EX-5.1 2 d402602dex51.htm EX-5.1 EX-5.1

Exhibit 5.1

 

LOGO

 

126 East King Street

Lancaster, PA 17602-2893

Tel 717-299-5201 Fax 717-291-4660

www.barley.com

June 29, 2017

 

Riverview Financial Corporation

3rd and Market Streets

P.O. Box A

Halifax, PA 17032

Re:    Merger of Riverview Financial Corporation and CBT Financial Corp.

Dear Ladies and Gentlemen:

We have acted as counsel to Riverview Financial Corporation (“Riverview”) in connection with the registration under the Securities Act of 1933, as amended, by means of a registration statement on Form S-4 (the “Registration Statement”), of 4,134,056 shares of the no par value common stock of Riverview (“Riverview Common Stock”), which is the maximum number of shares to be issued by Riverview pursuant to the terms of the Agreement and Plan of Merger, dated April 19, 2017 (the “Merger Agreement”), entered into between Riverview and CBT Financial Corp. (“CBT”).

The following transactions will occur upon consummation of the Merger Agreement: (i) Riverview will merge with CBT, with Riverview surviving (the “Merger”), and (ii) all of the outstanding shares of the no par value common stock of CBT (“CBT Common Stock”) will be converted into 2.86 shares of Riverview Common Stock.

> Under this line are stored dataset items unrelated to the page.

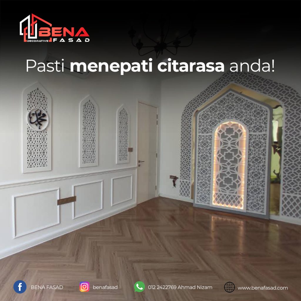 “Pemilihan bahan adalah berkualiti tinggi iaitu kami menggunakan bahan utama seperti Celuka Lattice Composite yang tahan cuaca, kalis air, tahan anai-anai, ringan, bahan yang tidak merebak kebakaran dan bahan ini juga mempunyai sijil SIRIM yang diiktiraf dengan hasil kemasan lebih cantik berbanding bahan dekorasi yang lain.
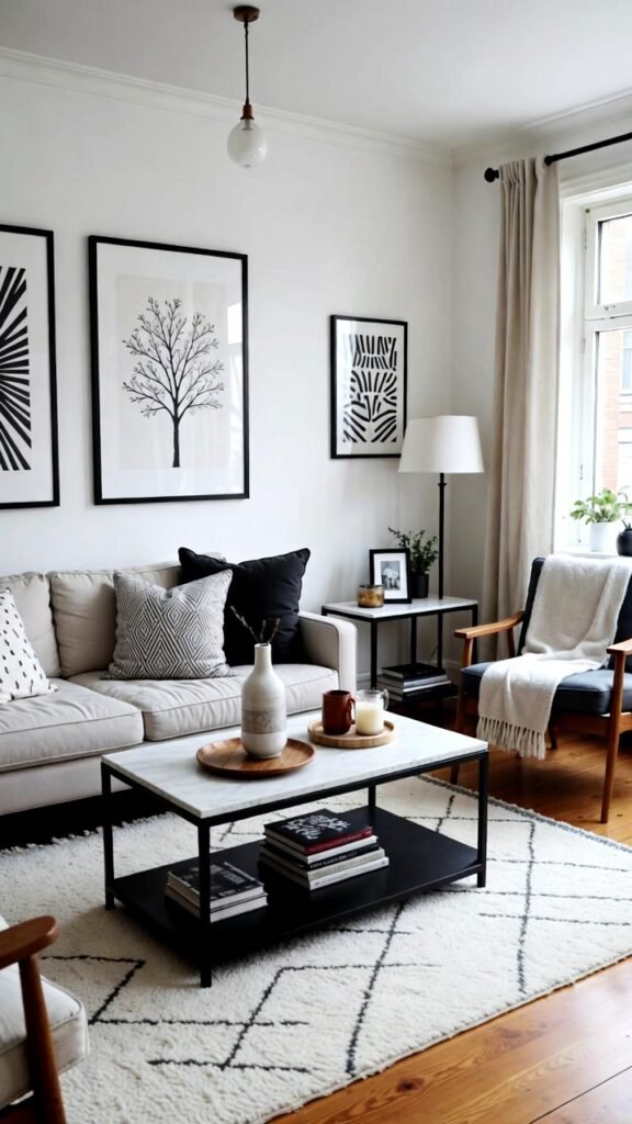 Minimalist wall art adds personality without cluttering the space. I love black-and-white prints or soft abstract designs. They bring interest while keeping the look calm. The walls feel curated rather than bare. Doesn’t subtle art feel more refined? It’s the perfect balance.
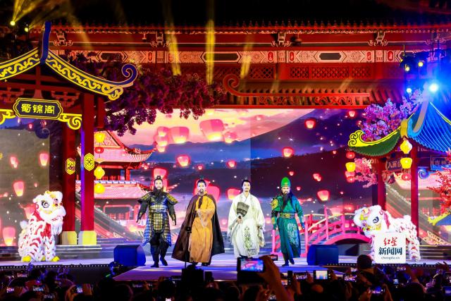今年,一场关于三国文化的奇思“庙”的主题表演《武侯奇“庙”夜》在开庙当天吸引了大量观众。表演舞台以真实场景呈现,融合了汉代中国建筑的精髓和裸眼。 3D 多媒体数字技术、歌舞、杂技、戏曲等多种艺术形式,生动呈现了三国蜀汉烟火市场、蜀宫夜宴、五虎战场篝火等主题场景。
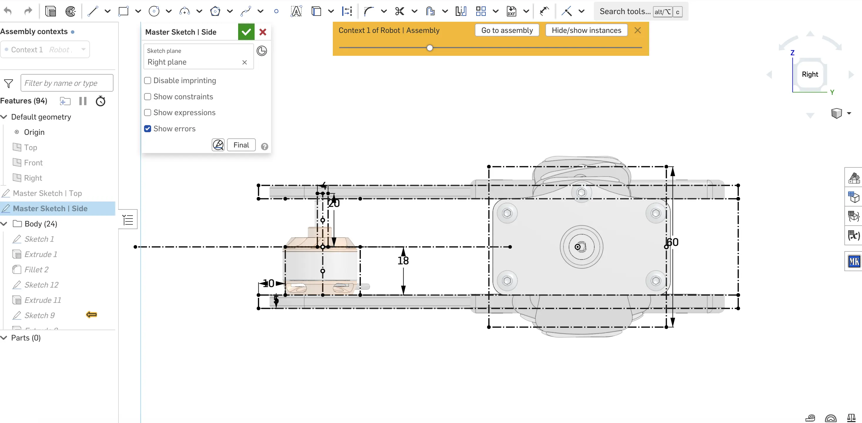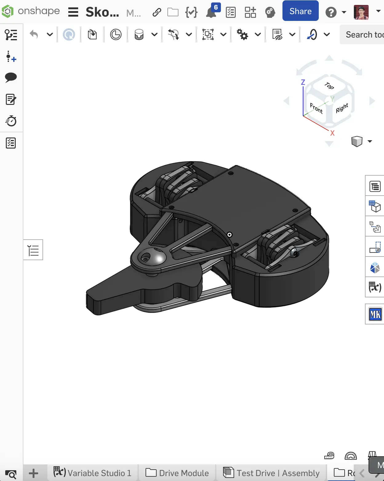 The cad process was slightly different for this project. Individual drive segments were developed seperately from the rest of the robot, and later integrated together. This meant that the master top and side view sketches give a spaceclaim requirement that the modules have to fit inside.
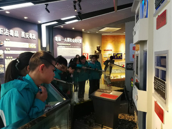 我们进入展览室我记下了两个中国古训:鸦片毒害,中国之殇,万恶毒为首。我们参观了几类毒品的照片和作用,冰毒:呈晶莹剔透,似冰;可卡因:对人体消化,免疫,心血管泌尿生殖系统有损伤;海洛因:可抽吸,鼻吸,注射,所有毒品比黄金还要贵,吸了之后你就会变成“蠢穷坏”。
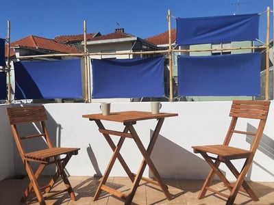 O nosso apartamento situa-se em Vila Nova de Gaia, no último piso de um pequeno prédio de dois andares, a cinco minutos a pé da Estação das Devesas.
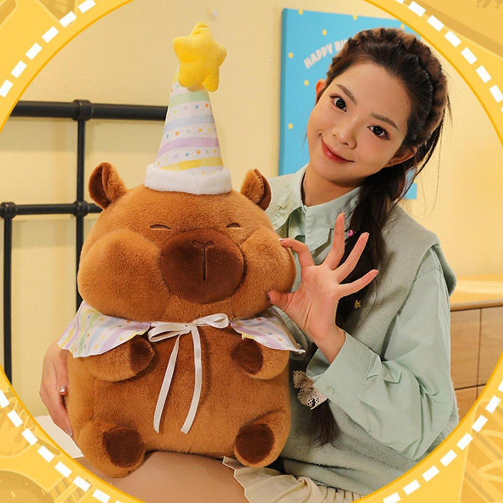 Maxbell Cute Capybara Plush with Birthday Hat Plush Doll Gift Decoration Party Favor 46cm

Immediately following the consummation of the Merger, Riverview Bank, the wholly owned subsidiary of Riverview, and CBT Bank, the wholly-owned subsidiary of CBT, will merge, with Riverview Bank surviving.

Except as otherwise indicated herein, capitalized terms used in this Opinion Letter are defined and set forth in the Merger Agreement. Our opinions herein are subject to the following conditions and assumptions:

(1) All conditions precedent to the obligations of Riverview and CBT as set forth in the Merger Agreement will have been satisfied at the time of the Merger;

(2) All covenants required to be performed by Riverview and CBT on or before the date of consummation of the Merger, as set forth in the Merger Agreement, will have been performed by them as of such date; and

(3) The shares of Riverview Common Stock will be issued, and the Merger will be consummated, in strict accordance with the terms of the Merger Agreement.

Based upon and subject to the foregoing, we are of the opinion that the shares of Riverview Common Stock to be issued in connection with the Merger are duly authorized, and, when issued as provided in the Merger Agreement, will be legally issued, fully paid and nonassessable.


We hereby consent to the use of this Opinion in the Registration Statement, and we further consent to the reference to our name in the proxy statement/ prospectus included as part of the Registration Statement, under the caption “Legal Matters”.